The newborn in the case study presented wirh symptoms and signs in compliance with PH, although she had no severe lung diseases or a structural cardiovascular system. She had a noncardiac cause of PH secondary to the extracardiac shunting from arteriovenous malformations in the liver. Hepatic tumors among pediatric patients are a rare, accounting for only 2% − 3% of all pediatric solid tumors[5]. Infantile hepatic hemangioma(IHH) is the most common hepatic tumor occurring in infancy. CHH is a rare condition. The precise incidence is unknown, but it likely occurs in less than 1% of all infants[6]. The mean age of onset of PH due to congenital arteriovenous malformations in the liver was reported to be 4–5 years of age; nevertheless, both could be discovered during the neonatal and early infantile periods[7]. Furthermore, the shunt vessel size in CHH did not correlate with the emergence of PH [8, 9]. . The mortality rate of PH caused by CHH is approximately 40–50% in utero and generally reaches its peak size before or at birth. Newborns may present with thrombocytopenia, hypofibrinogenemia, intratumoral bleeding, and anemia after birth[10]. Meanwhile, CHH can act as an arteriovenous fistula causing life-threatening high-output cardiac failure and respiratory distress. Smilarity, our patient had symptoms characteristic of PH, tachypnea, and cardiomegaly after birth. Liver ultrasonography is the most often performed initial diagnostic test for the radiologic diagnosis of CHH, but MRI and CT are the modalities of choice for radiologic confirmation of CHH. The patient’s diagnosis was confirmed using a combination of a ultrasonography and CT scan(Figs. 1 and 2, respectively).

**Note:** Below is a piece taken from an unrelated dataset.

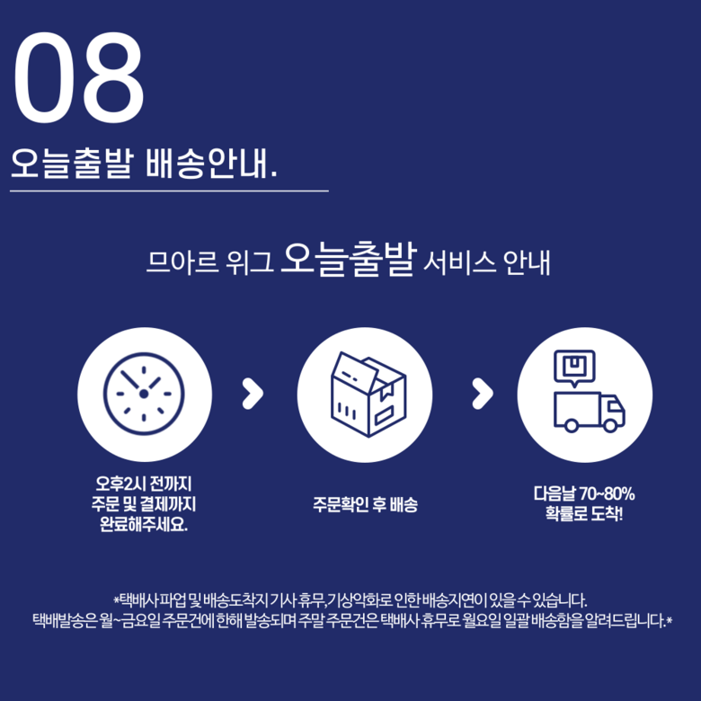 | 배송기간 | ㆍ도서산간 지역 등은 배송에 3-5일이 더 소요될 수 있습니다. - 천재지변, 물량 수급 변동 등 예외적인 사유 발생 시, 다소 지연될 수 있는 점 양해 부탁드립니다. | ||

There are diverse medical treatments for liver hemangiomas, including follow-up observation, medical, endovascular, surgical, and a combination of these therapies. The therapy chosen mostly relies on the clinical condition and the experience of the treatment center. In patients with or no mild symptoms, close follow-up observation may be appropriate. CHH is a high-flow vascular tumor that can cause PH and cardiac failure. Therefore, symptomatic CHH requires aggressive treatment. Surgery has been advocated when follow-up observations and medical therapies are insufficient. Invasive interventions, including surgical resection and embolization, are all available method modalities that can enhance overall prognosis.

In our patient, progressive PH required intervention. Our treatment was initially focused on liquid capacity, with diuresis and fluid restriction as needed. However, with the increasing severity of PH, severe AP, and AV shunts, emergency transcatheter intervention (arterial embolization) was thought to be the appropriate and least-invasive treatment of choice compared with surgery. Successful reduction of the cardiac preload following embolization improved the PH in our patient improved following embolization.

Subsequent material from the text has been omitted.